■ **Provided data**
⁂

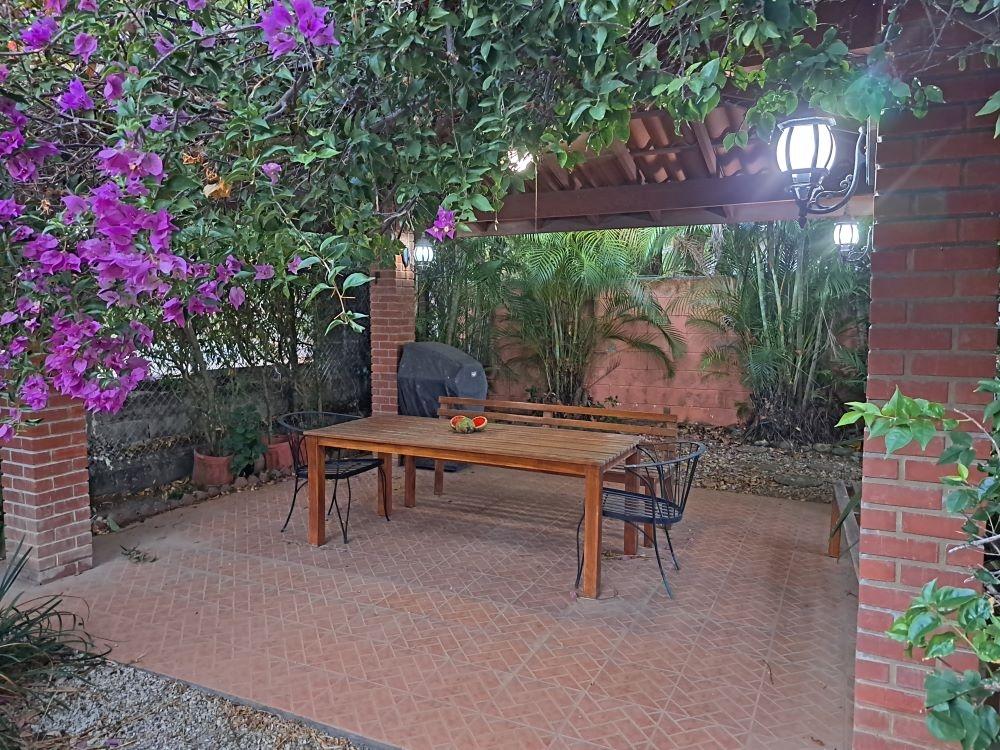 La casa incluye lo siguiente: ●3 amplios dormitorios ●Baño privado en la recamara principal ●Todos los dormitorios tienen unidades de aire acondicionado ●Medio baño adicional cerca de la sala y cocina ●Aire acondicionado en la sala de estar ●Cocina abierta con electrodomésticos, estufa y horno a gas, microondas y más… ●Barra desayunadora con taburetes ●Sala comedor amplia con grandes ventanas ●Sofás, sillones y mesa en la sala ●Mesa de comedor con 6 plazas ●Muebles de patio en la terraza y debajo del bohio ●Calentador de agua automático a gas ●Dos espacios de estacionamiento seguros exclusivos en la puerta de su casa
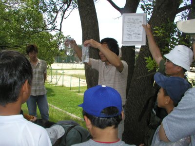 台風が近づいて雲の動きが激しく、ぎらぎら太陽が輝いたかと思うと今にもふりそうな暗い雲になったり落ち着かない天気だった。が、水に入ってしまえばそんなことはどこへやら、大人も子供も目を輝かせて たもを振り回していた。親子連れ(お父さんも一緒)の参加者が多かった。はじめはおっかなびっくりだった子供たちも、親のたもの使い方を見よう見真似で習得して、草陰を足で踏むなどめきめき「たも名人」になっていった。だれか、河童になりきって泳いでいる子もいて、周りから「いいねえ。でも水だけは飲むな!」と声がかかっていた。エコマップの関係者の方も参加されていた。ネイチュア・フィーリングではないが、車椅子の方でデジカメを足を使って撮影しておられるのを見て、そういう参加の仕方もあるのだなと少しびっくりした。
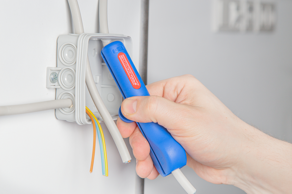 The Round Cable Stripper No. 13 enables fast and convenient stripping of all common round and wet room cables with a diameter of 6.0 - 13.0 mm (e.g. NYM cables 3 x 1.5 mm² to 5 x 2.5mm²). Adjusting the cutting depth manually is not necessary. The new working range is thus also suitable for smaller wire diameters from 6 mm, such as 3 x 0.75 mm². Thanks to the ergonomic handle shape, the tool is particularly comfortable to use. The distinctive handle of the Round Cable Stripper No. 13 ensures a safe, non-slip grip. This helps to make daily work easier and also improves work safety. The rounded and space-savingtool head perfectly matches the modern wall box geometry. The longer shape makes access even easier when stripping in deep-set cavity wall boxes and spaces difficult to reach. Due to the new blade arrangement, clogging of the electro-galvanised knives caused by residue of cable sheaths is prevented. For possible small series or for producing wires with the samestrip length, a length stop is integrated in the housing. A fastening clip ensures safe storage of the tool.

⁂

■ **Activity**
Would you please output the listing above exactly, leaving out the pictures?

■ **Written solution**
 La casa incluye lo siguiente: ●3 amplios dormitorios ●Baño privado en la recamara principal ●Todos los dormitorios tienen unidades de aire acondicionado ●Medio baño adicional cerca de la sala y cocina ●Aire acondicionado en la sala de estar ●Cocina abierta con electrodomésticos, estufa y horno a gas, microondas y más… ●Barra desayunadora con taburetes ●Sala comedor amplia con grandes ventanas ●Sofás, sillones y mesa en la sala ●Mesa de comedor con 6 plazas ●Muebles de patio en la terraza y debajo del bohio ●Calentador de agua automático a gas ●Dos espacios de estacionamiento seguros exclusivos en la puerta de su casa
 台風が近づいて雲の動きが激しく、ぎらぎら太陽が輝いたかと思うと今にもふりそうな暗い雲になったり落ち着かない天気だった。が、水に入ってしまえばそんなことはどこへやら、大人も子供も目を輝かせて たもを振り回していた。親子連れ(お父さんも一緒)の参加者が多かった。はじめはおっかなびっくりだった子供たちも、親のたもの使い方を見よう見真似で習得して、草陰を足で踏むなどめきめき「たも名人」になっていった。だれか、河童になりきって泳いでいる子もいて、周りから「いいねえ。でも水だけは飲むな!」と声がかかっていた。エコマップの関係者の方も参加されていた。ネイチュア・フィーリングではないが、車椅子の方でデジカメを足を使って撮影しておられるのを見て、そういう参加の仕方もあるのだなと少しびっくりした。
 The Round Cable Stripper No. 13 enables fast and convenient stripping of all common round and wet room cables with a diameter of 6.0 - 13.0 mm (e.g. NYM cables 3 x 1.5 mm² to 5 x 2.5mm²). Adjusting the cutting depth manually is not necessary. The new working range is thus also suitable for smaller wire diameters from 6 mm, such as 3 x 0.75 mm². Thanks to the ergonomic handle shape, the tool is particularly comfortable to use. The distinctive handle of the Round Cable Stripper No. 13 ensures a safe, non-slip grip. This helps to make daily work easier and also improves work safety. The rounded and space-savingtool head perfectly matches the modern wall box geometry. The longer shape makes access even easier when stripping in deep-set cavity wall boxes and spaces difficult to reach. Due to the new blade arrangement, clogging of the electro-galvanised knives caused by residue of cable sheaths is prevented. For possible small series or for producing wires with the samestrip length, a length stop is integrated in the housing. A fastening clip ensures safe storage of the tool.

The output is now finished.